Given an array of n integers, find the sub-array of length k with maximum sum. For example,

Input Array: {6, 4, 3, 5, 1, 9, 2}    k:3
Output: 15 (sum of sub-array 5, 1, 9)

Solution:
The brute-force solution for this problem is to find sum of all the sub-arrays of length k, and return the maximum of all those sum.
A better solution is to use a sliding window where width of the sliding window is fixed to be of size k. There are two pointers, start and end, pointing to the first and last element of the current window.
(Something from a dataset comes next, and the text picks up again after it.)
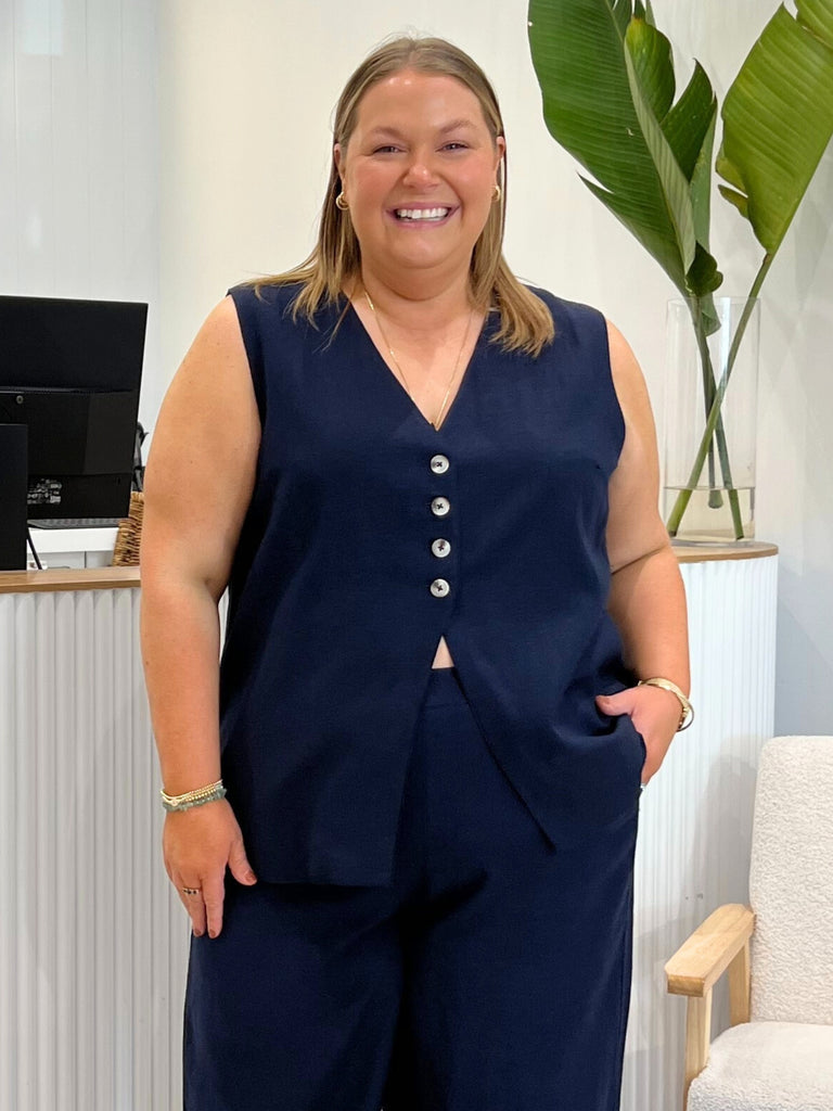 - Crafted from a soft linen-blend fabric, this sleeveless vest features a flattering V-neckline, three front buttons, and a sleek longline silhouette with a front split for ease of movement.

Sum of the first window is computed, and then both start and end are incremented by one position, now the sum of this window can be computed by just adding the new element and removing the outgoing element (previously start) from the previous window’s sum:

int maxSubarraySum(int *arr, int n, int k)
{
  if(k>n){ return -1;} // IMPOSSIBLE SITUATION
  int maxSum = 0;
  for(int i=0; i<k; i++)
    maxSum += arr[i];
  int start = 0;
  int end = k-1;
  int currentSum = maxSum;
  while(end<n) // MOVING THE WINDOW BY ONE POSITION
  {
    currentSum -= arr[start];
    start++;
    end++;
    currentSum += arr[end];
    if(currentSum > maxSum)
      maxSum = currentSum;
  }
  return maxSum;
}

This code takes O(n) time.